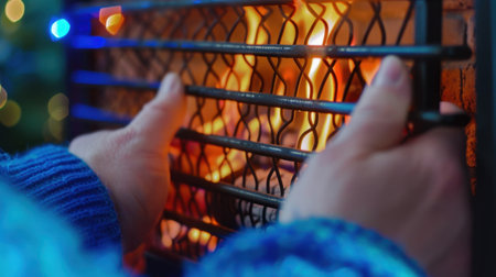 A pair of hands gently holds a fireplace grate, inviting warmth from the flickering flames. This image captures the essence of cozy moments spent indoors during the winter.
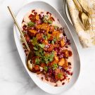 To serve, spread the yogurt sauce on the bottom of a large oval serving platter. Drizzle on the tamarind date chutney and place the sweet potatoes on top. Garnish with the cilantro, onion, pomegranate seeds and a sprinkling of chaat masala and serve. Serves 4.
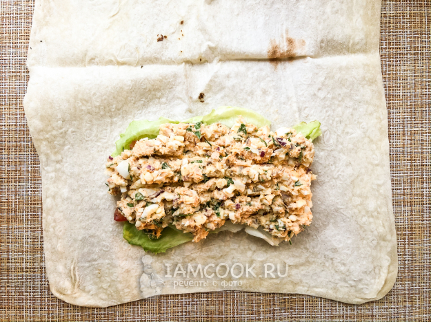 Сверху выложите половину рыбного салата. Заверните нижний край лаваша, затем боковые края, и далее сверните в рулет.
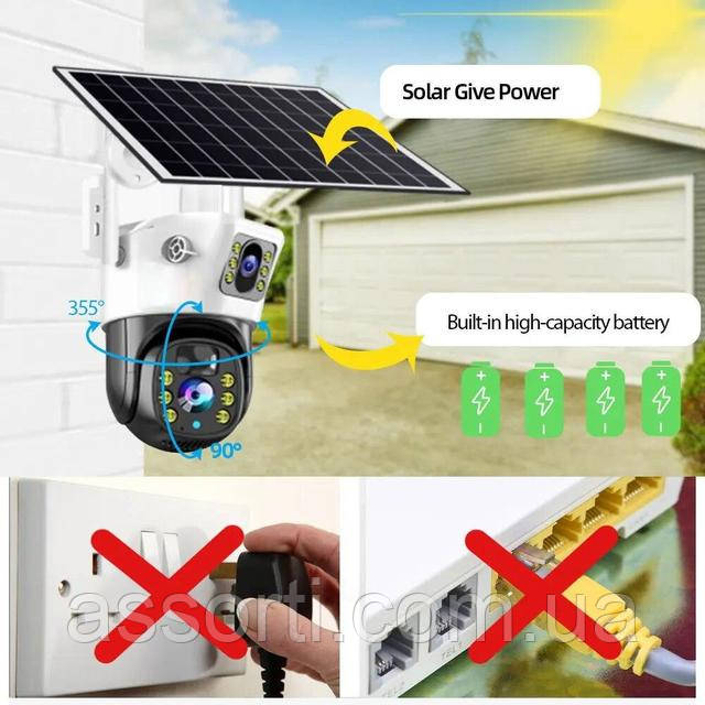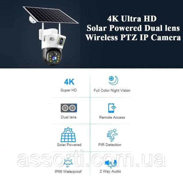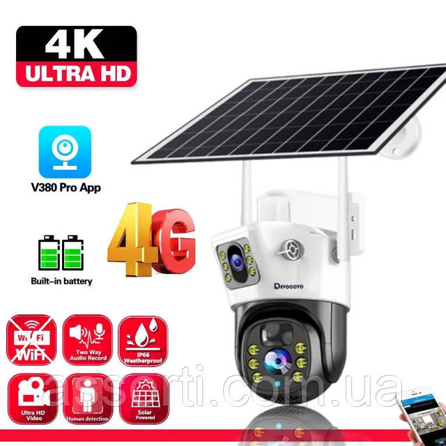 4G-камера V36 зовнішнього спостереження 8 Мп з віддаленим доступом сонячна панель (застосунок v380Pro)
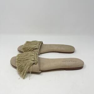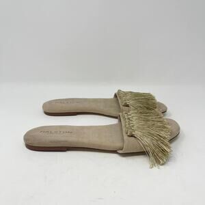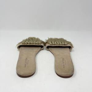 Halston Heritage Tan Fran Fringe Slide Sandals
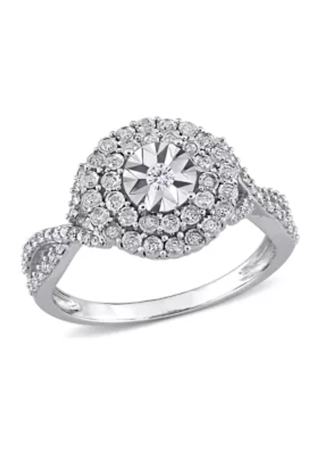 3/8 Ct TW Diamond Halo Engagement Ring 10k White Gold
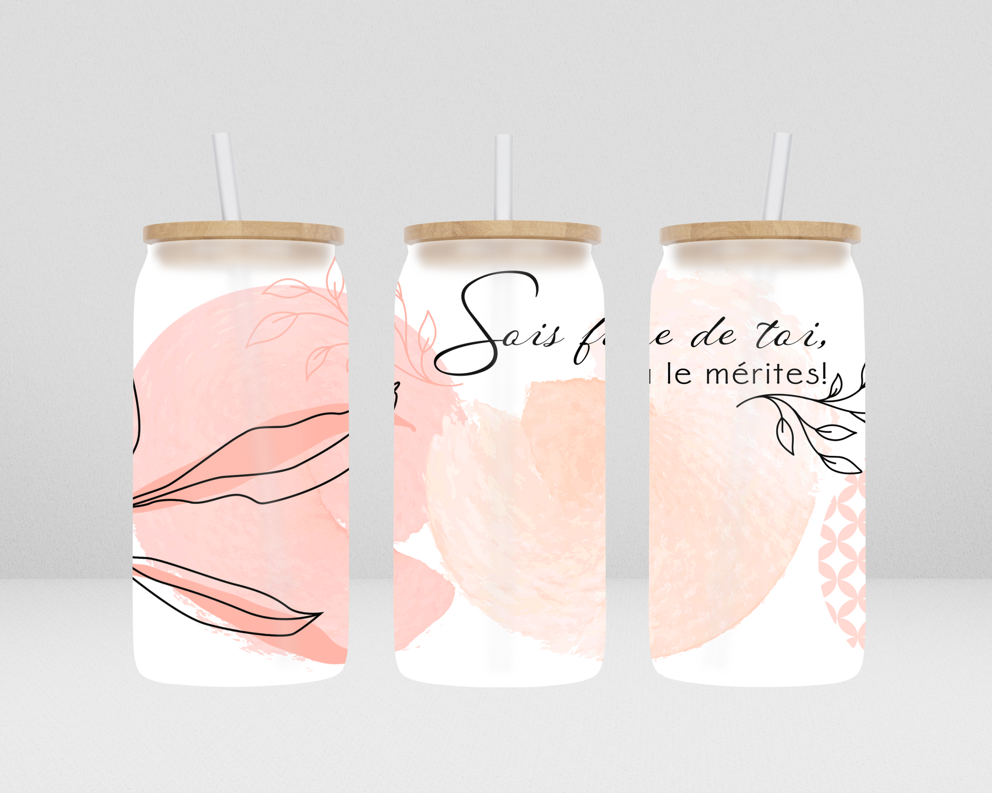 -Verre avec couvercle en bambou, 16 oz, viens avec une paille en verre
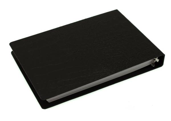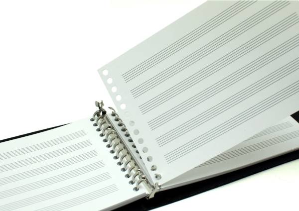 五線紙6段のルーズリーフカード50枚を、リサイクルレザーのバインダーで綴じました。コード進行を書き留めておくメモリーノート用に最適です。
* * *
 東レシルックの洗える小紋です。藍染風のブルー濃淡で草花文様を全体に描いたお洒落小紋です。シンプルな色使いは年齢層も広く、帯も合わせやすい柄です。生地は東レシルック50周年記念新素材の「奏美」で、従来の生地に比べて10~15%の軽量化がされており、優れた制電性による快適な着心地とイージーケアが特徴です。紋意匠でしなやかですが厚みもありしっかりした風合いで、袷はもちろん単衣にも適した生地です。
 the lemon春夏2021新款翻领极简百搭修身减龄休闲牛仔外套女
* * *
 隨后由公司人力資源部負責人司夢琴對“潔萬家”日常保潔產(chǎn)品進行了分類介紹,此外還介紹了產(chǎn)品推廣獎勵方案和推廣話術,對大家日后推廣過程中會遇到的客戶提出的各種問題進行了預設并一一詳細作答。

◆ **WORK REQUEST**: Starting at the line above with "A pair of hands", output every line exactly up to and including the line with "五線紙6段のルーズリーフカー", but none of the pictures.

◆ **TASK OUTPUT**:
 A pair of hands gently holds a fireplace grate, inviting warmth from the flickering flames. This image captures the essence of cozy moments spent indoors during the winter.
 To serve, spread the yogurt sauce on the bottom of a large oval serving platter. Drizzle on the tamarind date chutney and place the sweet potatoes on top. Garnish with the cilantro, onion, pomegranate seeds and a sprinkling of chaat masala and serve. Serves 4.
 Сверху выложите половину рыбного салата. Заверните нижний край лаваша, затем боковые края, и далее сверните в рулет.
 4G-камера V36 зовнішнього спостереження 8 Мп з віддаленим доступом сонячна панель (застосунок v380Pro)
 Halston Heritage Tan Fran Fringe Slide Sandals
 3/8 Ct TW Diamond Halo Engagement Ring 10k White Gold
 -Verre avec couvercle en bambou, 16 oz, viens avec une paille en verre
 五線紙6段のルーズリーフカード50枚を、リサイクルレザーのバインダーで綴じました。コード進行を書き留めておくメモリーノート用に最適です。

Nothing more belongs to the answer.